Data provided:

==*==

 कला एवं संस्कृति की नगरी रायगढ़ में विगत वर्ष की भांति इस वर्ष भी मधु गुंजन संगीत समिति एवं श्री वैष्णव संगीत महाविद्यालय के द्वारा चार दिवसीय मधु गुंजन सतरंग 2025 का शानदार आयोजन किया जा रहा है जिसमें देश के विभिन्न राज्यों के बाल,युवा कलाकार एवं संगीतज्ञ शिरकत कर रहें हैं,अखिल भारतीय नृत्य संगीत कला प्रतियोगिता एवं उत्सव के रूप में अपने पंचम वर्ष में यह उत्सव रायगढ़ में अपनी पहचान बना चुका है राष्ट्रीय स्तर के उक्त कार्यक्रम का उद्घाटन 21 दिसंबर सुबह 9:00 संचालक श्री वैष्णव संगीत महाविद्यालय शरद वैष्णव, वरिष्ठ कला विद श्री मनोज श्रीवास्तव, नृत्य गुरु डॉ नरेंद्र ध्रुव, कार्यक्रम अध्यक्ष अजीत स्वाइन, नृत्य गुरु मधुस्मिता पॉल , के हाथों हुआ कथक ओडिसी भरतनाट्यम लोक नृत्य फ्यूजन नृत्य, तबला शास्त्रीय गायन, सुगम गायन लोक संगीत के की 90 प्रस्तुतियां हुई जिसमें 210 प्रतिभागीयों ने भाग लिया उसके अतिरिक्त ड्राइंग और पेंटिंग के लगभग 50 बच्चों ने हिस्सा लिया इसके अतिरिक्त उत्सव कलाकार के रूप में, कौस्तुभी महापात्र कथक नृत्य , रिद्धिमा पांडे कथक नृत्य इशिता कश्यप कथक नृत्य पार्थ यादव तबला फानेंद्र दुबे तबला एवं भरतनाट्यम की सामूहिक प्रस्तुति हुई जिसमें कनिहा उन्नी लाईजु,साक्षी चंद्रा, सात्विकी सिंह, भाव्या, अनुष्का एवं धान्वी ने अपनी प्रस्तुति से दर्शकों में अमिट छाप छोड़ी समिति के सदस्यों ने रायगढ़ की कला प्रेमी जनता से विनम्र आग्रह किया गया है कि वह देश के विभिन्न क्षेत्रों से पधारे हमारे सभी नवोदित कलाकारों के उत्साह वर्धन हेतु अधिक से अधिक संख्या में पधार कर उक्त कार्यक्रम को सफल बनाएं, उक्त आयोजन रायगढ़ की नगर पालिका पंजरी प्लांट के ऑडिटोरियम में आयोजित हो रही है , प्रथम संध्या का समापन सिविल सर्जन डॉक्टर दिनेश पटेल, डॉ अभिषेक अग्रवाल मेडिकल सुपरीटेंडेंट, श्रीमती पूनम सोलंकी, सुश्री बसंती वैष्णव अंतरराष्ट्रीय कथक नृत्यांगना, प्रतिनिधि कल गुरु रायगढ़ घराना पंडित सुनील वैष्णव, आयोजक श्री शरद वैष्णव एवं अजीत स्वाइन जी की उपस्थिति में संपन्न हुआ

==*==

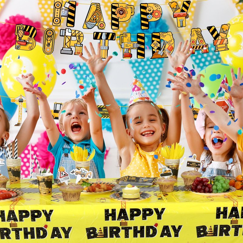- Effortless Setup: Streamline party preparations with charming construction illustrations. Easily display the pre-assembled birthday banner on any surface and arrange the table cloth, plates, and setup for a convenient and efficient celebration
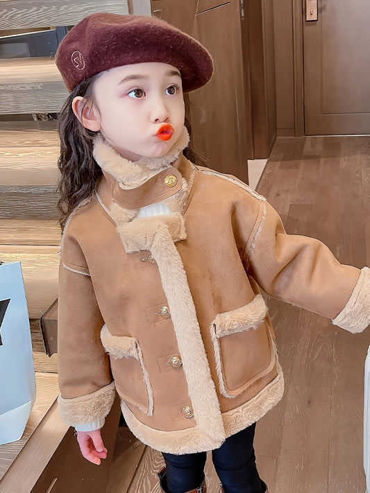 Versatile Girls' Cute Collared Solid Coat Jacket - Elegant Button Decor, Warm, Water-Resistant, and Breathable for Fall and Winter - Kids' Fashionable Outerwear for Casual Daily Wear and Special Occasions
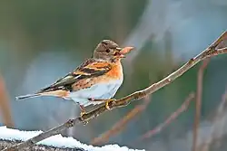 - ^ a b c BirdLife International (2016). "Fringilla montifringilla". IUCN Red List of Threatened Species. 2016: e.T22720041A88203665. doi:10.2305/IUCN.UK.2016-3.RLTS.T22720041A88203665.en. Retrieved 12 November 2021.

==*==

Work instructions: Exact copy, no pictures. Write out the lines in the entries above, starting with the line with "- Effortless Setup: Streamline" and going on through the line with "- ^ a b c BirdLife", keeping both.

Response to the task:
- Effortless Setup: Streamline party preparations with charming construction illustrations. Easily display the pre-assembled birthday banner on any surface and arrange the table cloth, plates, and setup for a convenient and efficient celebration
 Versatile Girls' Cute Collared Solid Coat Jacket - Elegant Button Decor, Warm, Water-Resistant, and Breathable for Fall and Winter - Kids' Fashionable Outerwear for Casual Daily Wear and Special Occasions
 - ^ a b c BirdLife International (2016). "Fringilla montifringilla". IUCN Red List of Threatened Species. 2016: e.T22720041A88203665. doi:10.2305/IUCN.UK.2016-3.RLTS.T22720041A88203665.en. Retrieved 12 November 2021.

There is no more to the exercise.